May 26, 2013, 12:31 PM EST
LeBron James is not Michael Jordan. He doesn’t have the resume, he hasn’t shown he can sustain this high a level of play for an extended period of time yet.
But we have built up a mythology around Michael Jordan that he is was perfect, that he would never make mistakes. He would never do what LeBron did and have two key late game turnovers that would cost his team a playoff game…
Except he did. Second round 1995 playoffs against the Magic.
That is not peak Jordan, that is No. 45 just returned from baseball Jordan. Next season the Bulls would win 72 games and start another three-peat. We are seeing peak LeBron right now, so the comparison is not ideal.

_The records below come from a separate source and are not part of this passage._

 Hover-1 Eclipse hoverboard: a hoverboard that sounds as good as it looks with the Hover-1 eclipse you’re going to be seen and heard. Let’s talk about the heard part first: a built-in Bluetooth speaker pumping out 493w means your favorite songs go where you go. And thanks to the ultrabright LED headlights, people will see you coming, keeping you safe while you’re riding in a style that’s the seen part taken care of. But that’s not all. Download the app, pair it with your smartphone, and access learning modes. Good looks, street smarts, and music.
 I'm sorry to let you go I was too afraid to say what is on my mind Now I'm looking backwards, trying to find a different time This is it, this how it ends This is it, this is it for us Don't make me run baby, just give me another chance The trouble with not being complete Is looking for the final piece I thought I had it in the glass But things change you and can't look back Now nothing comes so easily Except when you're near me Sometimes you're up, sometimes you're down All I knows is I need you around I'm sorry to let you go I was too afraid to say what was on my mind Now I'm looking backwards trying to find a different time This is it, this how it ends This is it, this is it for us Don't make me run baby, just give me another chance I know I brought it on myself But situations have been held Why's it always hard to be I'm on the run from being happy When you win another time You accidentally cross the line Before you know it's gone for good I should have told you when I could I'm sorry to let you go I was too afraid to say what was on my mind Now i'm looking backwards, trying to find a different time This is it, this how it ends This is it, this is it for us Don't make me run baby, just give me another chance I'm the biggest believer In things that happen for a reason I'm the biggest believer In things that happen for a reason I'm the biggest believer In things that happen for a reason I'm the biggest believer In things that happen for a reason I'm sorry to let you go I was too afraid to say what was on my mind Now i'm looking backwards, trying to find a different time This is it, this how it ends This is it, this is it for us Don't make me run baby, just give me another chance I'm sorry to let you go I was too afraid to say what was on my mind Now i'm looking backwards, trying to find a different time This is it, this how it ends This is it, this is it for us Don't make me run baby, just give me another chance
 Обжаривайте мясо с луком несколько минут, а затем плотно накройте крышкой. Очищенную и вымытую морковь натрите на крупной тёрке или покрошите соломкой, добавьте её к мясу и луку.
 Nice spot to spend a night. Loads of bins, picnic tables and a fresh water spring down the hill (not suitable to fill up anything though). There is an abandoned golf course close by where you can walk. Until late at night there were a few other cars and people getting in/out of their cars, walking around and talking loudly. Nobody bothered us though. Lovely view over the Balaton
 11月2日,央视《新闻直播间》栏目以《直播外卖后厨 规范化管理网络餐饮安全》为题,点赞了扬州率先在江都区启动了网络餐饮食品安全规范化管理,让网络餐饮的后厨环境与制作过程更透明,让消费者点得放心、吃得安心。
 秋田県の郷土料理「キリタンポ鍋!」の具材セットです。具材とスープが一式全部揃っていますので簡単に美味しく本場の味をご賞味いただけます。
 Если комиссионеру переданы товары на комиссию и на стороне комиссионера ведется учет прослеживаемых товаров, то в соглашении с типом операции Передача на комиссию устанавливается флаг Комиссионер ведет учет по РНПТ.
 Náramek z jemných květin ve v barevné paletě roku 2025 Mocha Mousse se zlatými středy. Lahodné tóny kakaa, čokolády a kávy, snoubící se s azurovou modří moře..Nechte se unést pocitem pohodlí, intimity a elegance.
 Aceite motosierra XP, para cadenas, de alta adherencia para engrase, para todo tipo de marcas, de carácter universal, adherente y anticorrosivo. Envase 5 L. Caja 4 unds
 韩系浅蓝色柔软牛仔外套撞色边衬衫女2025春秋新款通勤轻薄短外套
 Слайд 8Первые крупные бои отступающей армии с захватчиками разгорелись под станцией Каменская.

But the point is Jordan was not perfect. We live in a different time, a different world now with social media and the Internet changing how we break down players and their games, it also changes our perception of athletes. We look back at Jordan punching Steve Kerr in practice as a sign of his toughness and leadership, if he did that now the reaction would be different. Same with the gambling and his off-the-court life. That is not better or worse, it just is true. Jordan came along at a perfect time for him to lift the league and become a cultural icon, not to mention he backed it up with the play of the G.O.A.T. (or at least a guy that has to be in that conversation, if you prefer). Culturally, there will never be another Jordan.

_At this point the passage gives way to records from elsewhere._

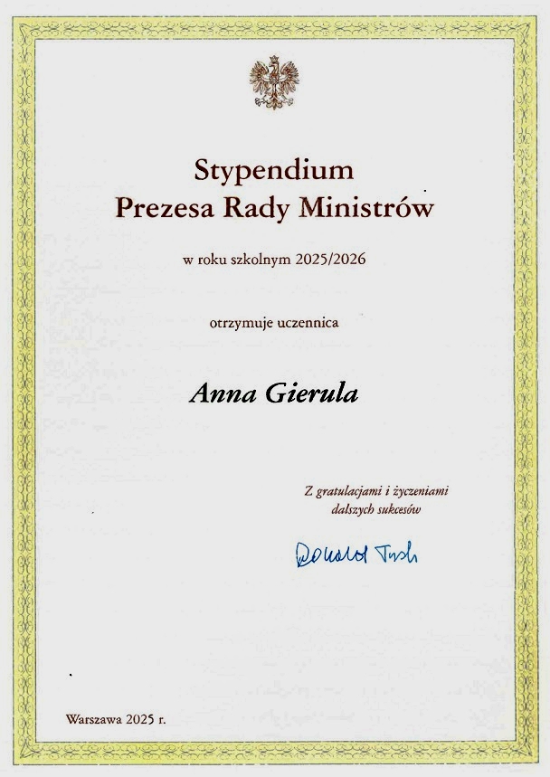 Stypendystką została także Anna Gierula uczennica Zespołu Szkół Zawodowych im. Kardynała Stefana Wyszyńskiego w Dynowie, która w roku szkolnym 2025/2026 jest uczennicą klasy 4TL – 5-letnie technikum w zawodzie technik  logistyk z innowacją pedagogiczną: obsługa ruchu turystycznego. W wyniku klasyfikacji za rok szkolny 2024/2025 uzyskała średnią ocen 5,65 i zachowanie wzorowe. W roku szkolnym 2025/2026 jest stypendystką z ,,Programu wspierania edukacji uzdolnionych uczniów szkół prowadzonych przez Powiat Rzeszowski’’, ponadto w roku szkolnym 2024/2025 była stypendystką: ,,Programu wspierania edukacji uzdolnionych uczniów szkół prowadzonych przez Powiat Rzeszowski’’, projektu ,,Poszerzając horyzonty – stypendia naukowe dla uczniów szkół zawodowych – edycja II’’, a także  laureatką stypendium „Młode Talenty Powiatu  Rzeszowskiego”. W roku szkolnym: 2023/2024 była stypendystka z Programu Stypendialnego Powiatu Rzeszowskiego, ponadto w roku szkolnym 2023/2024 była stypendystka Urzędu Marszałkowskiego Województwa Podkarpackiego w Rzeszowie, projektu: „Poszerzając horyzonty – stypendia naukowe dla uczniów szkół zawodowych – edycja I”. Anna to także laureatka wielu konkursów plastycznych, artystycznych, zawodowych szczebla powiatowego, wojewódzkiego czy ogólnopolskiego.
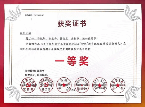 “连心侨”实践队获得2023年浙江省高校暑期社会实践优秀调研报告评选一等奖
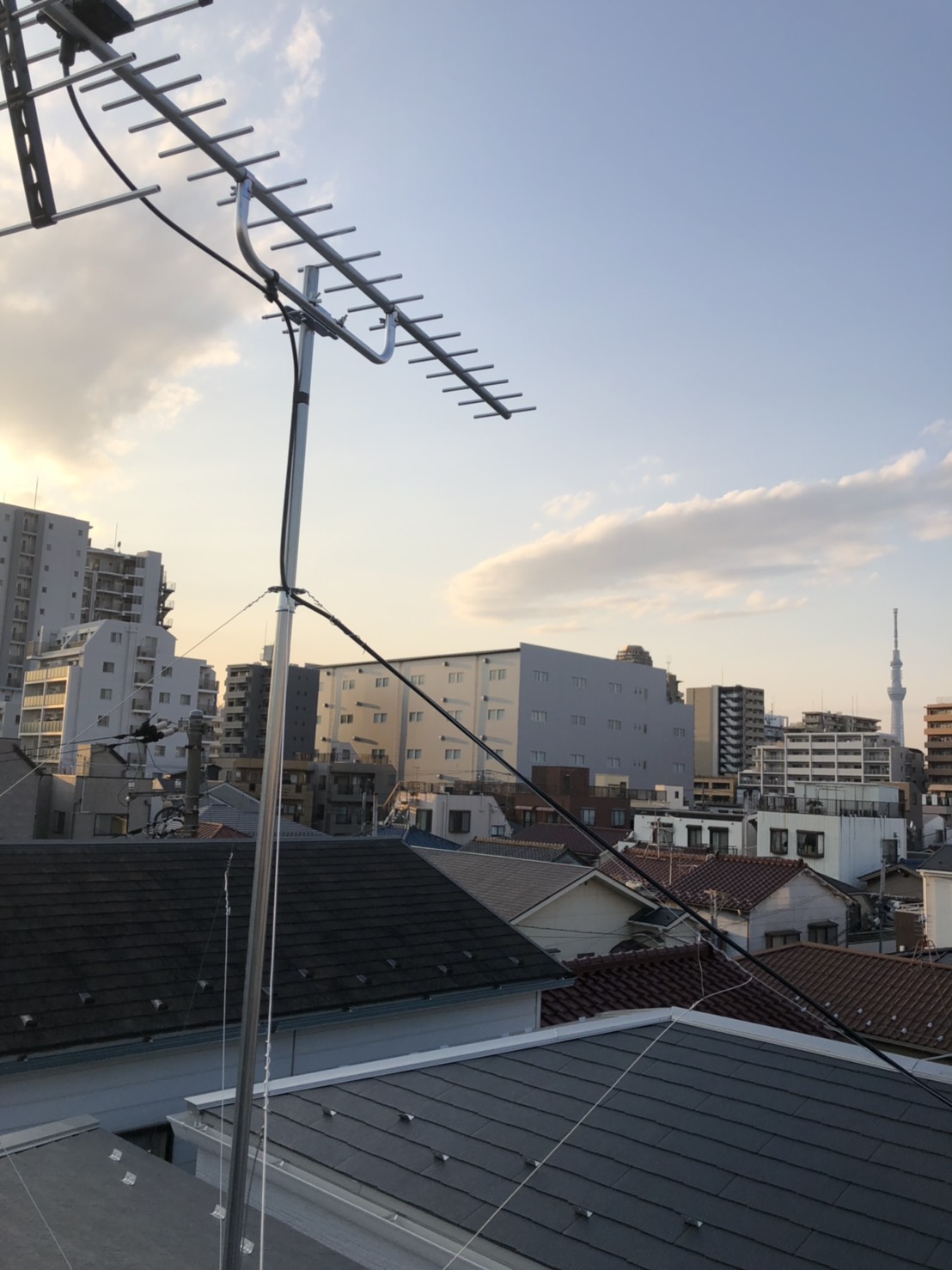 3階建て戸建物件、アンテナ工事前の写真です。遠くには、電波塔・東京スカイツリーも見えます。
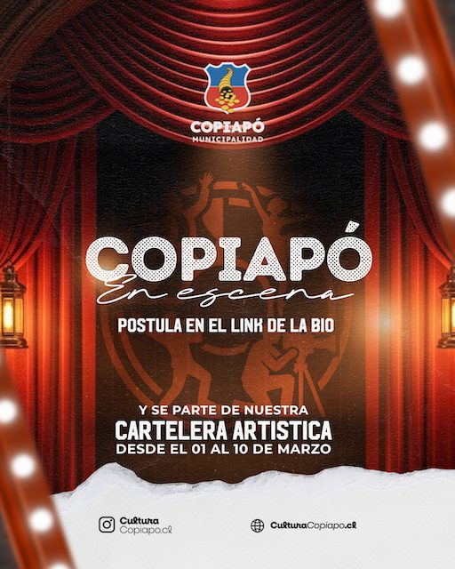 La Ilustre Municipalidad de Copiapó lanzó la convocatoria 2026 del programa «Copiapó en Escena», iniciativa que financiará un total de 56 presentaciones de distintas disciplinas artísticas en diversos puntos de la comuna. La convocatoria está dirigida a artistas y agrupaciones locales que cuenten con trabajos terminados, ya realizados y estrenados. Las postulaciones se recibirán a … Read more
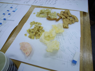 ハイテンション この写真は、先日の夜に撮影したものである。 これから、弊社がもっとも忙しくなる季節である。 なぜならば、「ほぼ日手帳2010」の販売が近づくからなのである。 ストアチームから商品チームから読み物チームからデザインチームまで総動員なのである。 こういう忙しい時にこそよゆうというやつが必要で、その一助となるのは 「おやつ」である。 この先、ソファー前で、深刻な〆切を前にしておかしなテンションでおやつをつまみながら打ち合わせをする光景を目にすることが増えるのだろう‥‥。 2009/07/28 14:05 |
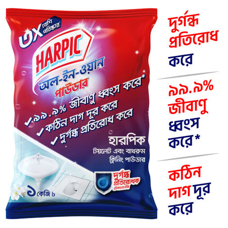 Harpic All-in-1 Toilet & Bathroom Cleaning Powder 1KG, 3X better cleaning compared to regular detergent, removes tough stains and dirt, Kills 99.9% germs, reduces bad smell.
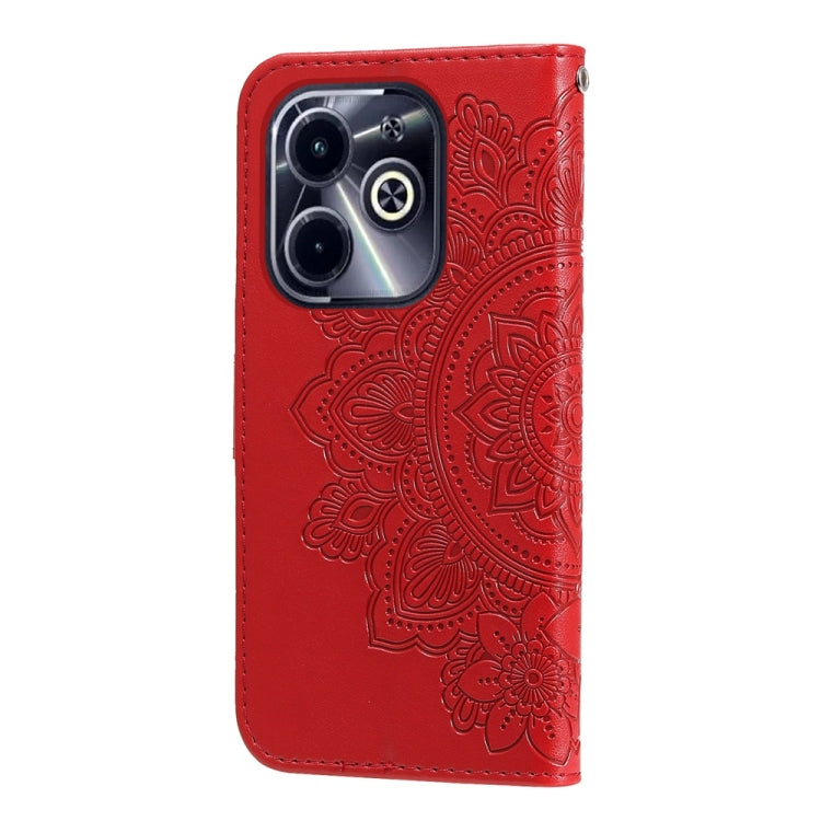 Funda de Cuero para Infinix Hot 40I con Estampado de Flores de Siete Pétalos (Rojo)
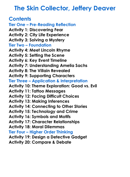The Skin Collector Jeffery Deaver Worksheet Activity Booklet
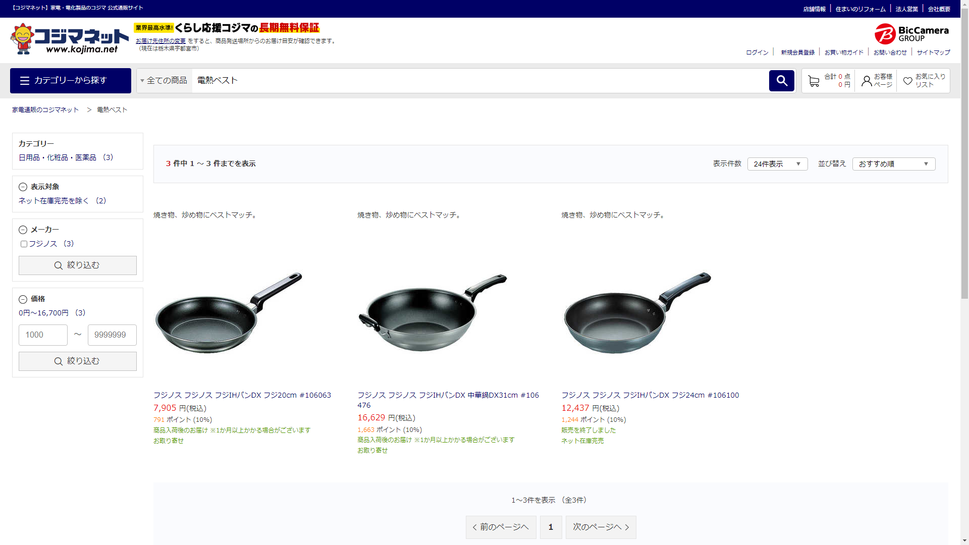 お調べしたところ現在、家電・電化製品のコジマでは電熱ベストの関連する商品が販売されています。
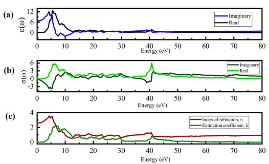 (a) Dielectric constant, imaginary and real parts. (b) Real and imaginary parts of optical conductivity spectra. (c) Refractive index and extinction coefficient. All properties were calculated using HSE06.

While some reading comprehension impaired commenters on this site think I am biased toward LeBron all I have ever said is this — we should wait to judge his legacy until he is done with the peak of his career. We don’t know his legacy yet. What I am is a fan of the game of basketball and if you love the game you should try to enjoy watching LeBron make plays like this right now because he is a once in a generation talent and a great player. Whatever issues people have with LeBron — or Jordan — speaks more to them and not the players themselves.